Sunday, January 24, 2010

This is Not a Resolution

I decided over my Christmas break that I needed to make 2010 the year that I got my health in order. It wasn't so much a New Year's Resolution, as I always end up breaking those, as it was a re-commitment to something I've been working on to various degrees for years. Shawn and I are thinking we might like to start a family in the next few years and I am realizing that, as I get older, I need to put more effort into keeping my body healthy both for carrying a baby and for the stress that comes with raising one.

So I've committed to continuing to eat better. I've successfully kept my refined sugar intake much lower since July and I think that's a lifestyle change that I can keep up. I have been eating more fresh fruits and vegetables, more lean proteins and way less processed food. Now cutting down my sodium intake has become a new part of the plan. I know that I have lowered my intake by eating less processed foods, but there are still many things that I eat that contain more sodium than they should. Shawn has been great about finding new recipes and foods that include minimal or no sodium at all, but when I am home alone it is hard for me not to turn to a can of this or something frozen. That needs to change.

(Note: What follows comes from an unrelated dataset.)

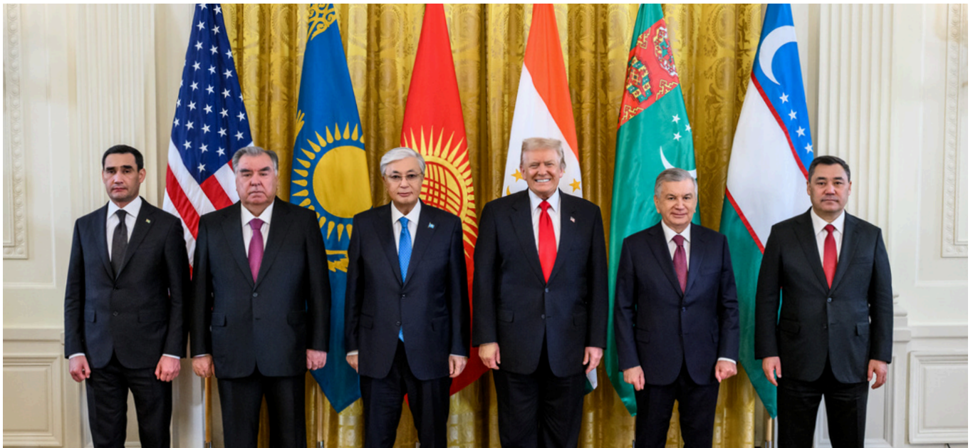
Rencontre des dirigeants du C5+1 à Washington, le 06.11.2025

Le 6 novembre 2025, les dirigeants des pays d'Asie centrale membres du C5, à savoir le Kazakhstan, l'Ouzbékistan, le Turkmenistan, le Kirghizistan et le Tadjikistan, ont rencontré leur homologue américain Donald Trump à la Maison blanche. Dans le cadre de ce sommet, le Kazakhstan a notamment annoncé rejoindre les accords d'Abraham avec Israël.

I also decided to see an acupuncturist and my first appointment was yesterday. I'm not sure what I thought of that. I was recommended to them by someone I trust very much and the doctor I saw was very interested in my health issues and looking at ways that he could help. I did not realize, however, that his treatments included chiropractic elements. I knew that he was also a chiropractor, but thought that we could just do acupuncture. Nope. It was a bit jarring as I've always found the whole idea of cracking and adjusting a bit weird, but I think it went OK. And I enjoyed the acupuncture part. I wasn't expecting to be so tired afterwards, but I did sleep very well for a change. I have to go back for 8-12 more sessions and take some Chinese herbs, so we'll see how this progresses. I will try to have regular updates on the blog.

I'm still going to the gym three days a week too. And walking to work every day. I want to keep up the momentum and continue to see positive changes in my body. My trainer has me doing an exercise called Jackknife currently that tests my terrible balance more than any other previously. Our goal of improving my balance has been very successful thus far and this one is an even tougher test - one that I'm determined to master.

Beyond those changes I've also started setting aside time in the evenings to read and write. I've made a list of the shows I really love and have committed to only watching those and using the other time I have available to write in my journal, work on the novel or read a good book. No more sitting on the couch watching Iron Chef because Shawn likes it and I'm too lazy to bother leaving the room. I've already finished The Year of Magical Thinking and have been feeling so much better about the amount of writing I've accomplished.

Hopefully 2010 will be a better year. One where I am truly able to live my best life.

Sunday, January 10, 2010

Stolen Sleep

My insomnia is back. Even writing that sentence makes me quiver. Insomnia is something I dealt with extensively a few years back as I made the leap and left the music industry. It wasn’t fun. If my experience this week is any indication it still isn’t the life of the party.

Over the last few years I have spent a lot of time thinking, reading and writing about sleep and all of its awesome, occasionally elusive, properties. I have worked hard to get to a place where I am able to sleep well most of the time. I try to keep a steady bedtime, although I give myself a little leeway on the weekend. It’s the same principle as with children – if you’re on a schedule you’ll just sleep so much better.

I also keep a gratitude journal, which I try to update each night before bed. I got the idea from O Magazine and it’s one of the many from that source that has served me well. It reminds me of all that was good about the day, lets the worries seep away and be replaced by the small pleasures, the little triumphs and the moments of happiness. It’s such a positive note to end the day on and usually it leaves me feeling much calmer. The journal has helped me so much to keep the niggling worries at bay and get to sleep.

And I’ve discovered the power of hot milk. I always thought it was an old wives tale, but it turns out that hot milk before bedtime really does have the power to help you sleep. I use skim, to keep the calorie count reasonable, but it helps me feel full and warm and it really does have an enzyme that helps you sleep.

Add to that my better eating habits, which mean my body isn’t full of refined sugars all the time, as well as regular exercise and I have had a decent recipe for combating insomnia for the last little while. Until now.

I blame my holiday break, where I was bad about keeping on schedule on top of all the rest. My body will need a little time to get back on track. Until then, I will suffer from my sleep deprivation. Fingers crossed that it won’t last long this time!